The difference this time is we will perform multiple tests on the same person, but that it returns positive or negative each time ‘independently’. Now for a sequence of tests identically distributed tests $T_1, \dots , T_n$ it is of course not the case that they are independent as it is plain that $\mathbb{P}(T_{i}=1) < \mathbb{P}(T_{i}=1|T_j =1)$. What we want instead is conditional independence, namely that

$\mathbb{P}(T_i=t_1\&T_j=t_2|B=x)=\mathbb{P}(T_j=t_2|B=x) \mathbb{P}(T_i=t_1|B=x)$ for all $i,j, t, x$.

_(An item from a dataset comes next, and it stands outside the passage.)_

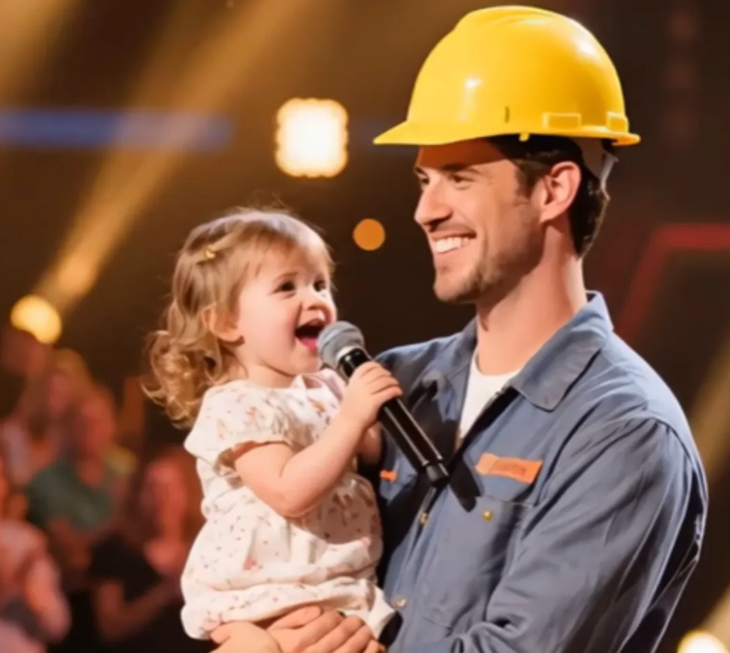 The father, wearing his work uniform and hard hat, looked every bit the devoted parent, standing strong for his daughter. The sight of them together—father and daughter, hand in hand, heart in heart—was enough to bring tears to the eyes of those who witnessed the performance.
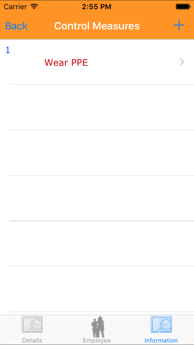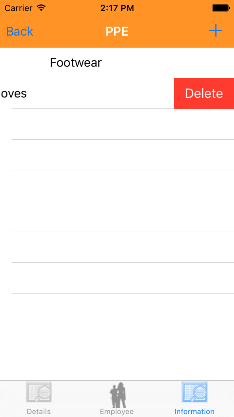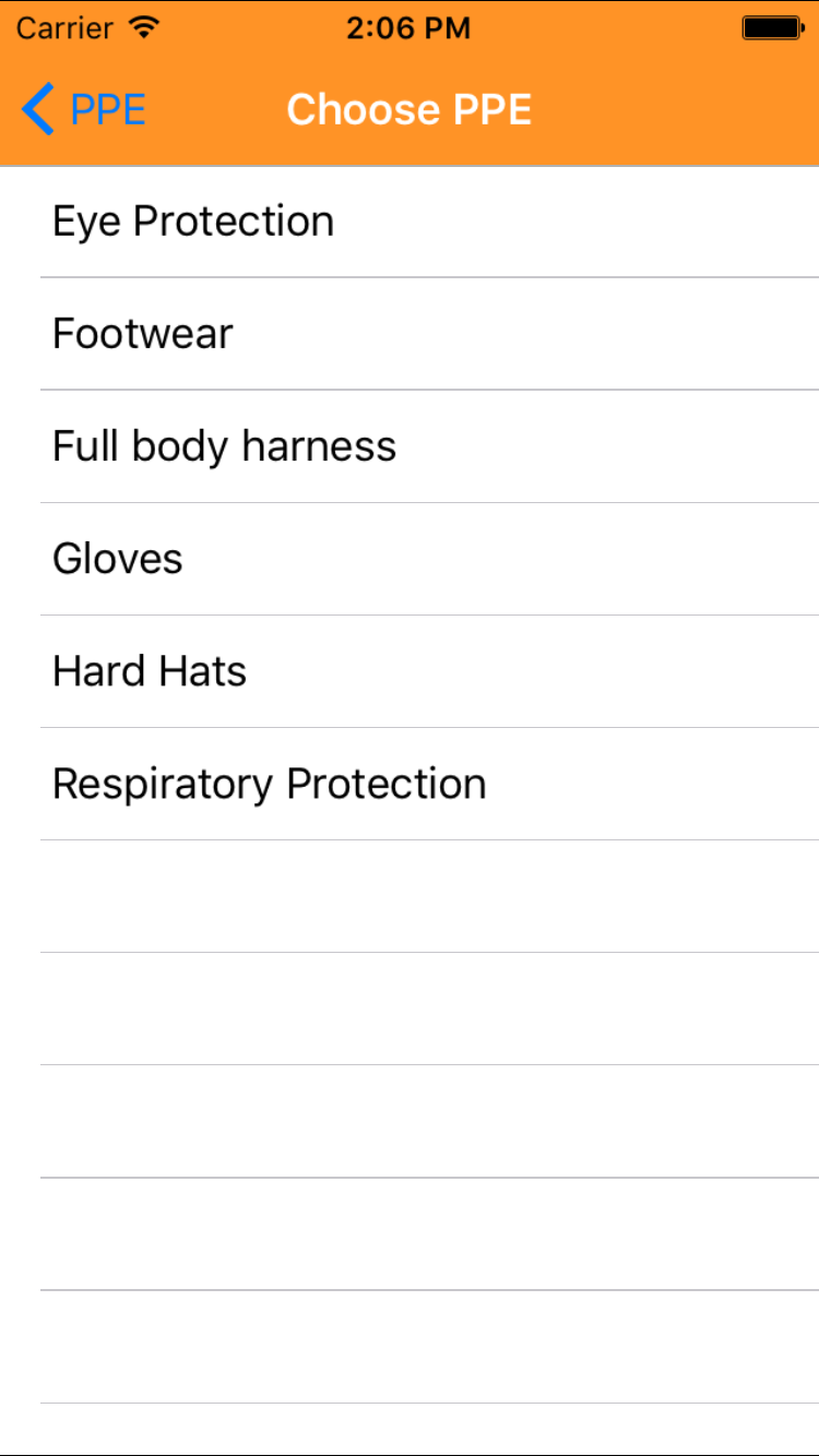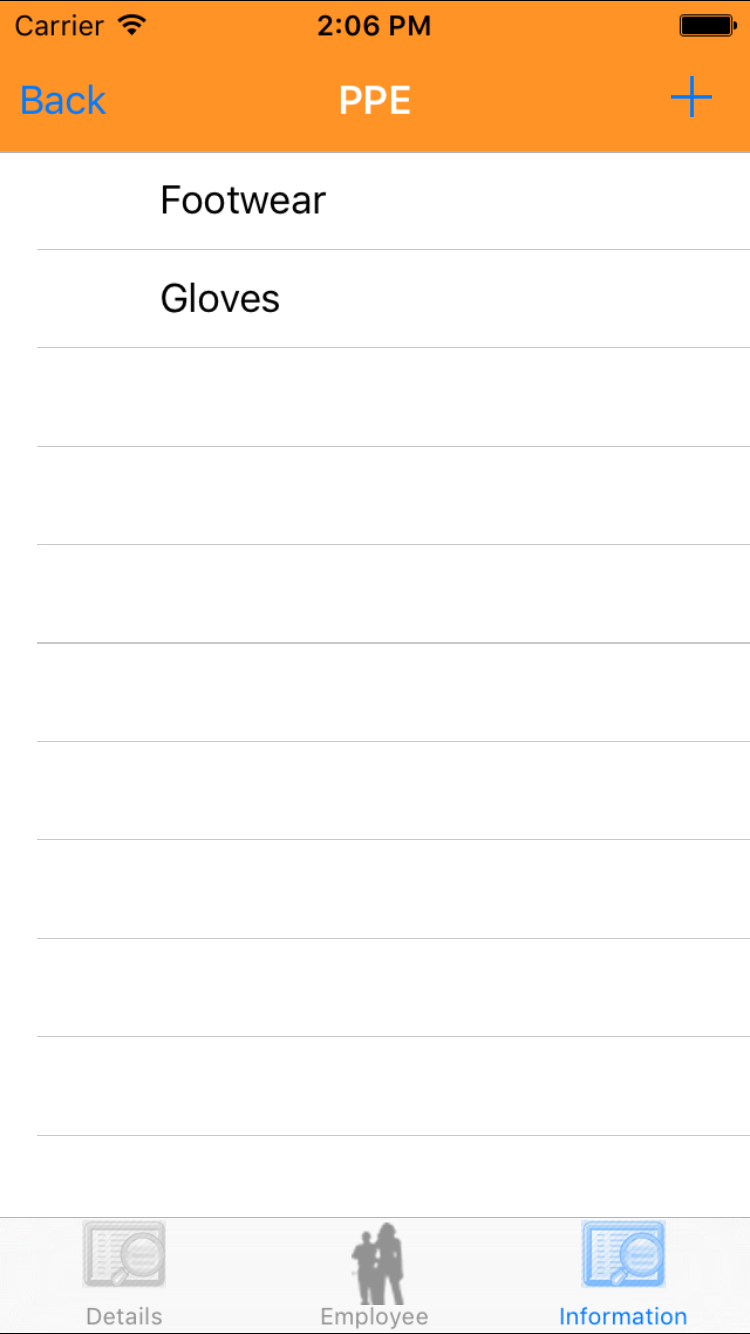 - Tap the + icon in the top right corner to open the Personal Protective Equipment list.

What this means is that the probability of a test getting it wrong or right is independent of the person it is testing, and depends only on whether or not the person has the disease.

Now we update our prior given that we have $n$ positive tests, that is $\bigcap \limits _{i=1}^n (T_i=1)$, which we’ll calll $E_n$ for brevity:

$\mathbb{P}(B=1 | E_n) = \frac{\mathbb{P}(E_n|B=1) \mathbb{P}(B=1)}{\mathbb{P}(E_n)}$

now using the conditional independence, and the law of total probability as before gives:

$\mathbb{P}(B=1|E_n)=\frac{q^np}{q^np+(1-w)^n(1-p)}$.

and isolating the dependence on $n$:

$\frac{1}{1+ \left ( \frac{1-w}{q} \right )^n \frac{1-p}{p}}$

and hence $\mathbb{P}(B=1 | E_n) \to 1$ as $n \to \infty$ iff $\left (\frac{1-w}{q} \right )^n \to 0$ as $n \to \infty$ iff $w+q >1$. Also notice that we need to assume that $p$ is not 1 or 0, otherwise there is nothing to do since the prevalence is total or non-existent.

So how fast does it converge? As you can see it goes to 1 at a rate of $\left(\frac{1-w}{q}\right)^n$, faster than any polynomial! So we say that event $(B=1|E_n)$ occurs with overwhelming probability.